How to complete this task:
Omit all pictures. Print the remaining lines exactly, from the start of the data through the line containing "再来看他的Balance Sheet,这里有一行数据非常令人费解,就是long term".

Start of Block

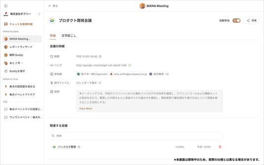 多くの企業において、「会議の生産性」と「会議で生まれた知見の組織内活用」は共通の課題となっています。こうした背景から、当社は「会議そのものの在り方」を再設計する機能として「MANA Meeting」を開発しました。「MANA Meeting」はリリース後も継続的に進化します。今後は、会議の前後で生まれる情報を業務の実行につなげられるよう、連携範囲の拡充や支援機能の強化を進めていきます。
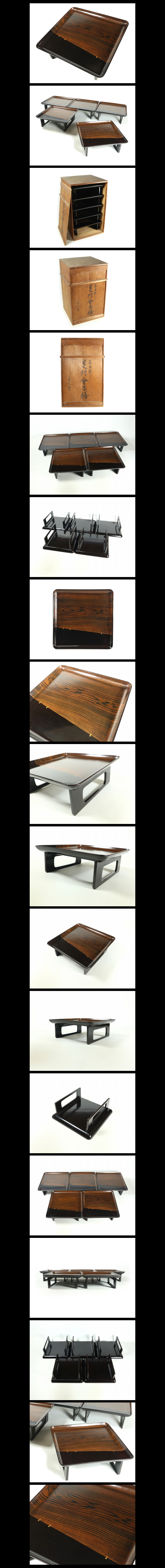 ●c1099●【木目出し足付会席膳[大]5客 塗分木目黒楔くさび部分金蒔絵木製共箱/懐石膳折敷盆】検お茶会煎茶道具茶懐石輪島塗京漆器●西瓜●
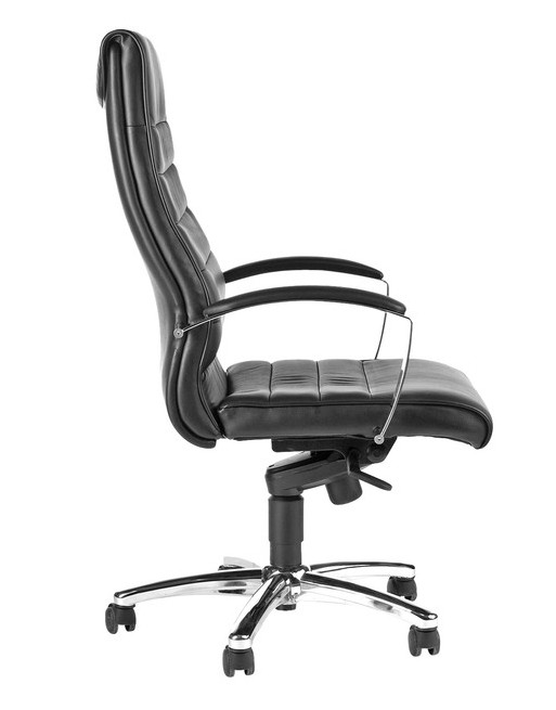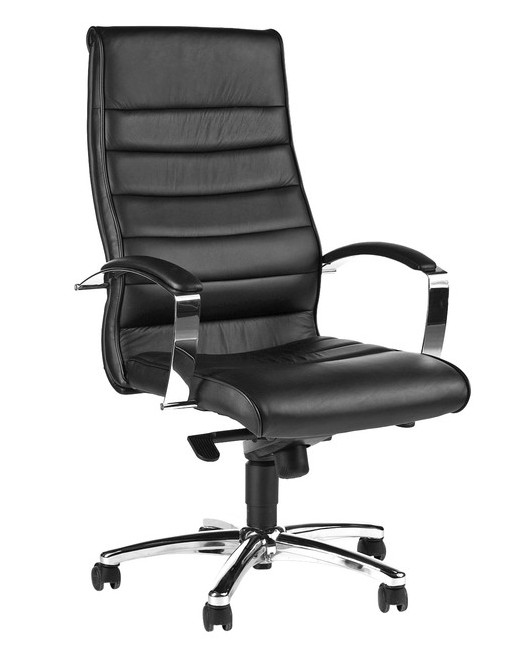 * Bureaustoel met stalen voetkruis. * Gaslift zwart. * In hoogte verstelbare zitting. * Leuning verstelbaar in verschillende posities. * Standaard worden bureaustoelen geleverd met harde wielen. * Rugbreedte 50cm en rughoogte 70cm. * Zitbreedte 50cm en zitdiepte 48cm. * Zithoogte 42-51cm. * Materiaal/stof: 100% leder, achterkant rugleuning kunstleder.
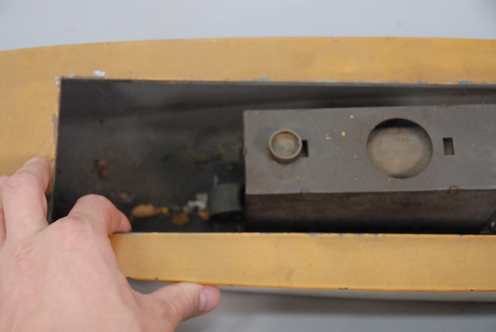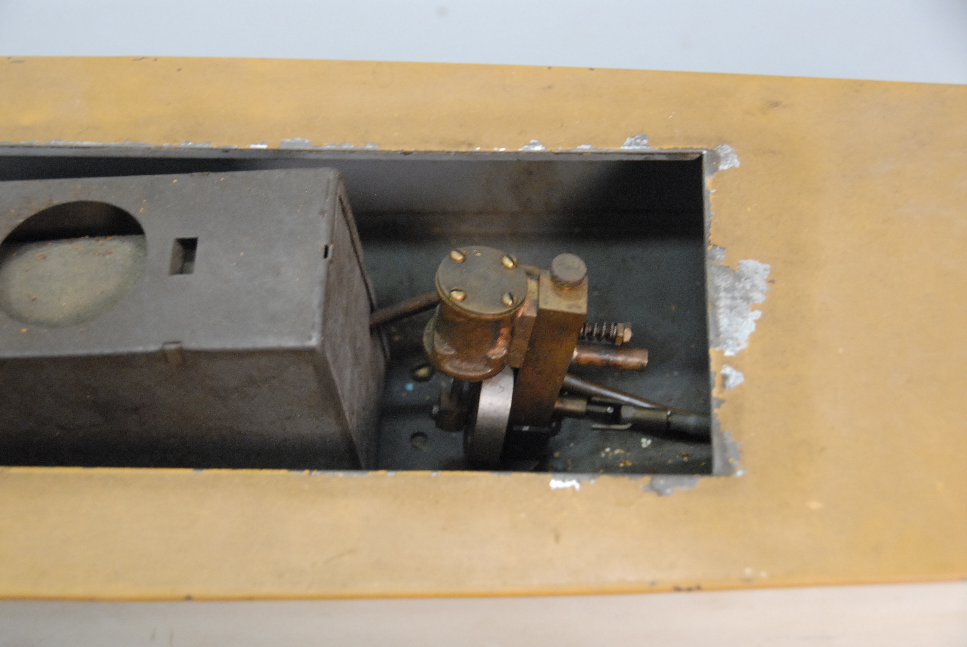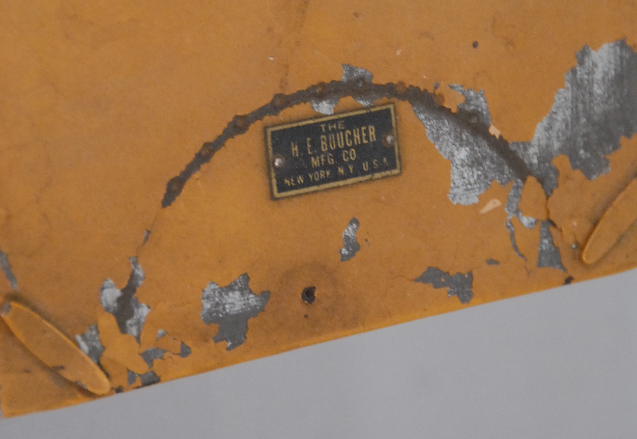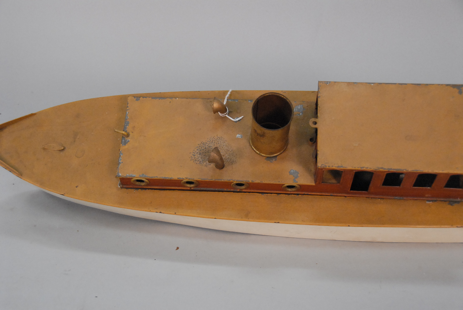 Lot 114: Metal steamboat toy with steam engine with original paint, H. E. Boucher Mfg Co, New York, N.Y. U.S.A. missing rudder. lg. 28in.
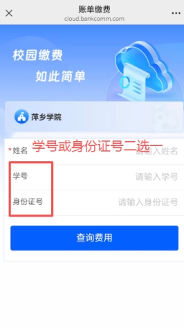 交费途径:1、通过微信扫码进入缴费界面,学号或身份证号二选一;2、微信关注萍乡学院服务号(用于费用收取),快速缴费,无需登录。
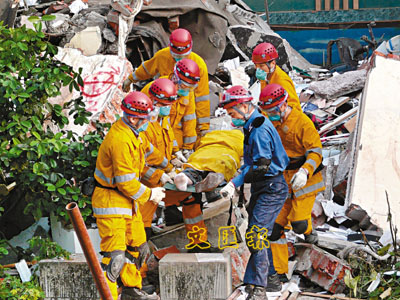 ■香港特區搜救隊在瓦礫中抬出一具屍體。
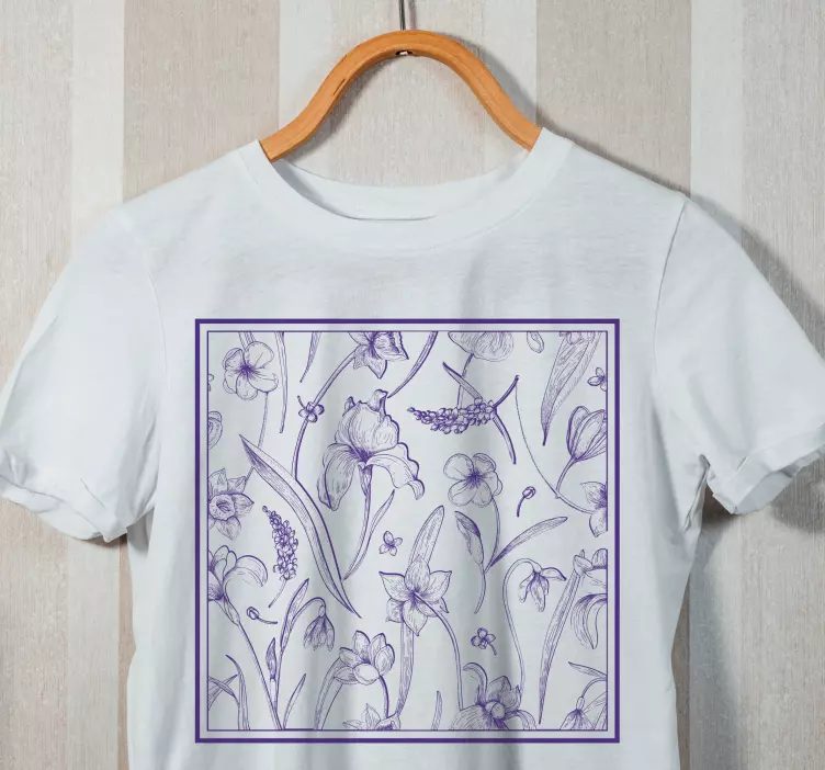 欢迎您了解我们的T恤衫植物图案排列设计!这款独特的T恤以番红花和各种花朵为灵感,呈现出一幅绚丽的紫色图案。每一朵花都仿佛在盛开,散发着自然的花香,搭配艺术插图和草图,营造出一种清新自然的氛围。无论是休闲外出,还是日常穿搭,这款T恤都能为您的服饰增添一份独特的艺术气息。
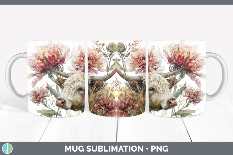Highland Cow Mug Wrap Animals Autumn Floral Sublimation Cof
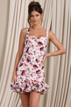 Flourish is the fitted floral dress to showcase your curves in the summer occasions to come. Tapered by waist darts and wrapped at the hem by a light ruffle trim, this short strappy dress would be perfect for birthday girls or modern brides with contemporary tastes.
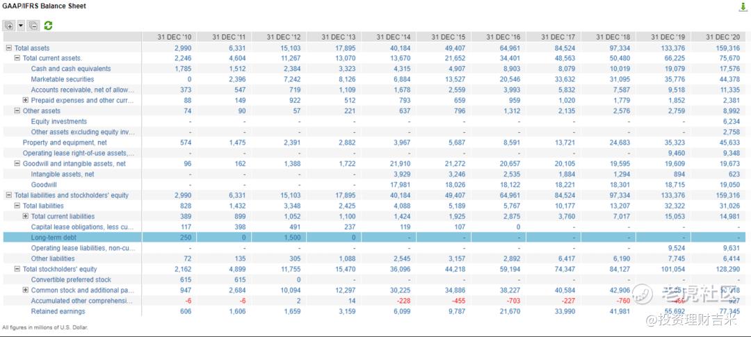 再来看他的Balance Sheet,这里有一行数据非常令人费解,就是long term debt长期借贷。Facebook这家公司几乎是从不借钱,要知道这对于一家公司来说并不是什么好事,尤其在当前极低利率的环境下。不借钱,说明公司的杠杆率过低,有很大的发展潜力没有释放。如果你看苹果,微软,亚马逊的财报,哪个不是利用自己的影响力,以极低的成本借百亿千亿的钱来发展项目。而Facebook明明也有能力这么做,但却丝毫没有。
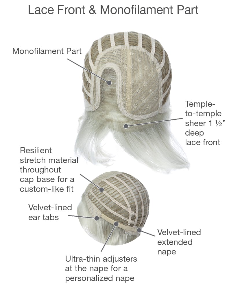 This classic bob is modernized with textured waves. An eyelash bang graces the front to add an air of flirtation, while softly layered lengths throughout offer fullness and movement. The temple-to-temple sheer lace front with a monofilament part allows for off-the-face styling and guarantees a light, comfortable fit and natural look.
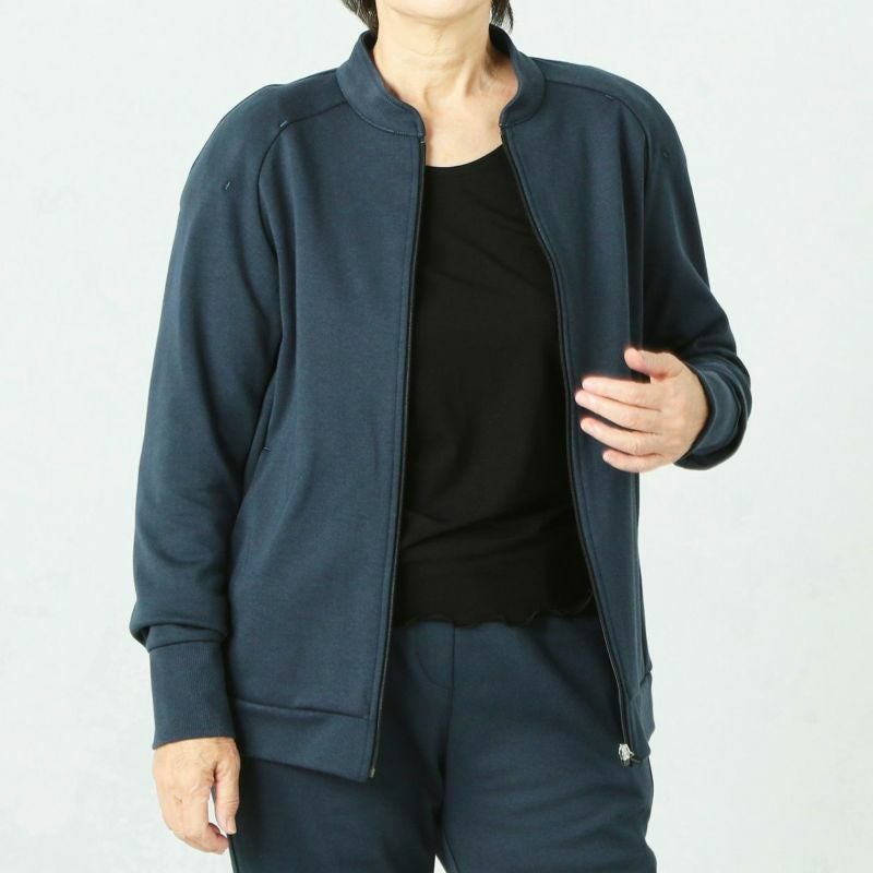 お家でもちょっとした近居への外出でも日常的に着られるジャージ素材のブルゾン。

End of Block

Written answer:
 多くの企業において、「会議の生産性」と「会議で生まれた知見の組織内活用」は共通の課題となっています。こうした背景から、当社は「会議そのものの在り方」を再設計する機能として「MANA Meeting」を開発しました。「MANA Meeting」はリリース後も継続的に進化します。今後は、会議の前後で生まれる情報を業務の実行につなげられるよう、連携範囲の拡充や支援機能の強化を進めていきます。
 ●c1099●【木目出し足付会席膳[大]5客 塗分木目黒楔くさび部分金蒔絵木製共箱/懐石膳折敷盆】検お茶会煎茶道具茶懐石輪島塗京漆器●西瓜●
 * Bureaustoel met stalen voetkruis. * Gaslift zwart. * In hoogte verstelbare zitting. * Leuning verstelbaar in verschillende posities. * Standaard worden bureaustoelen geleverd met harde wielen. * Rugbreedte 50cm en rughoogte 70cm. * Zitbreedte 50cm en zitdiepte 48cm. * Zithoogte 42-51cm. * Materiaal/stof: 100% leder, achterkant rugleuning kunstleder.
 Lot 114: Metal steamboat toy with steam engine with original paint, H. E. Boucher Mfg Co, New York, N.Y. U.S.A. missing rudder. lg. 28in.
 交费途径:1、通过微信扫码进入缴费界面,学号或身份证号二选一;2、微信关注萍乡学院服务号(用于费用收取),快速缴费,无需登录。
 ■香港特區搜救隊在瓦礫中抬出一具屍體。
 欢迎您了解我们的T恤衫植物图案排列设计!这款独特的T恤以番红花和各种花朵为灵感,呈现出一幅绚丽的紫色图案。每一朵花都仿佛在盛开,散发着自然的花香,搭配艺术插图和草图,营造出一种清新自然的氛围。无论是休闲外出,还是日常穿搭,这款T恤都能为您的服饰增添一份独特的艺术气息。
Highland Cow Mug Wrap Animals Autumn Floral Sublimation Cof
 Flourish is the fitted floral dress to showcase your curves in the summer occasions to come. Tapered by waist darts and wrapped at the hem by a light ruffle trim, this short strappy dress would be perfect for birthday girls or modern brides with contemporary tastes.
 再来看他的Balance Sheet,这里有一行数据非常令人费解,就是long term debt长期借贷。Facebook这家公司几乎是从不借钱,要知道这对于一家公司来说并不是什么好事,尤其在当前极低利率的环境下。不借钱,说明公司的杠杆率过低,有很大的发展潜力没有释放。如果你看苹果,微软,亚马逊的财报,哪个不是利用自己的影响力,以极低的成本借百亿千亿的钱来发展项目。而Facebook明明也有能力这么做,但却丝毫没有。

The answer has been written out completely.